The code and database described here will allow you to obtain a taxonomic label for your gut virus based on the UHGV taxonomy. This is useful to determine novelty relative to database, identify characteristics of the nearest viral group, and allow you to identify other phylogenetically related viruses in the database.
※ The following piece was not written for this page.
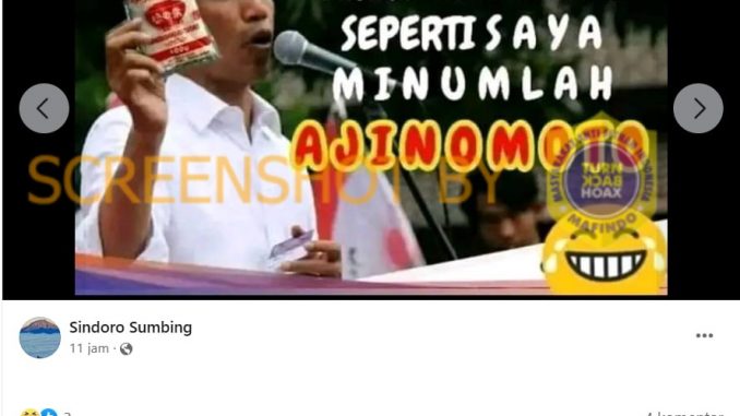 Akun Facebook Sindoro Sumbing memposting sebuah gambar Jokowi yang sedang memegang produk Ajinomoto. Dalam gambar tersebut terdapat narasi jika ingin jenius seperti Jokowi minumlah Ajinomoto. Postingan tersebut diunggah pada 8 Juni 2023 pukul 10.39.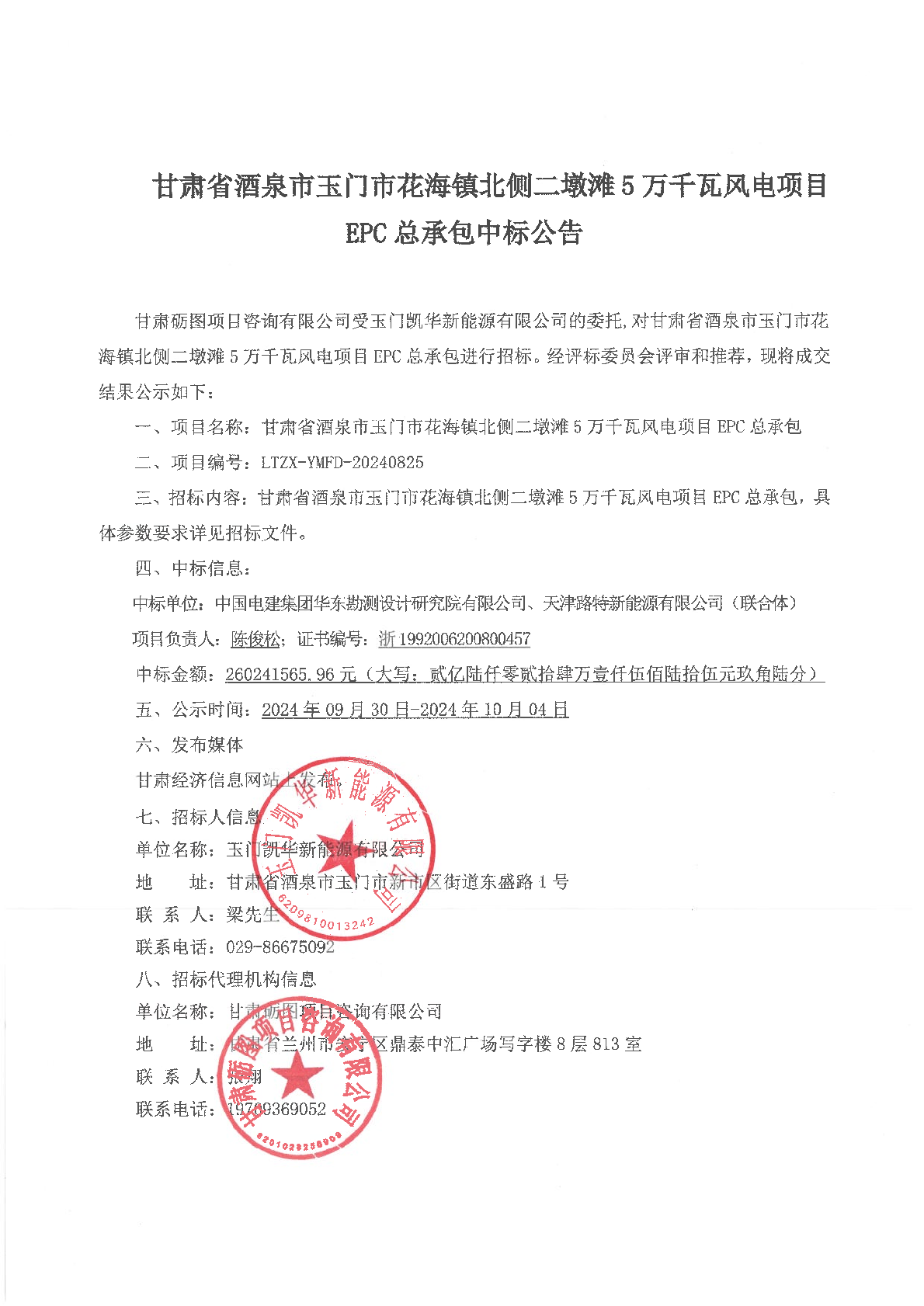 甘肃省酒泉市玉门市花海镇北侧二墩滩5万千瓦风电项目EPC总承包中标公告

Install program using git and pip (add --user
if you don't have root access):
pip install git+https://github.com/snayfach/UHGV.git
Install external dependencies using conda:
conda install -c bioconda prodigal-gv diamond blast -y
View available modules:
uhgv-tools -h
Download and unpack the latest database:
uhgv-tools download .
UHGV-tools: download
[1/5] Checking latest version of database...
[2/5] Downloading 'uhgv-db'...
[3/5] Extracting 'uhgv-db'...
[4/5] Building BLASTN database...
[5/5] Building DIAMOND database...
Run time: 121.6 seconds
Peak mem: 1.58 GB
View command line usage for classify
module:
uhgv-tools classify -h
usage: uhgv-class.py [-h] -i PATH -o PATH -d PATH [-t THREADS] [-c]
options: -h, --help show this help message and exit
required arguments: -i PATH Path to nucleotide seqs
-o PATH Path to output directory
-d PATH Path to database directory
-t THREADS Number of threads to run program with (1)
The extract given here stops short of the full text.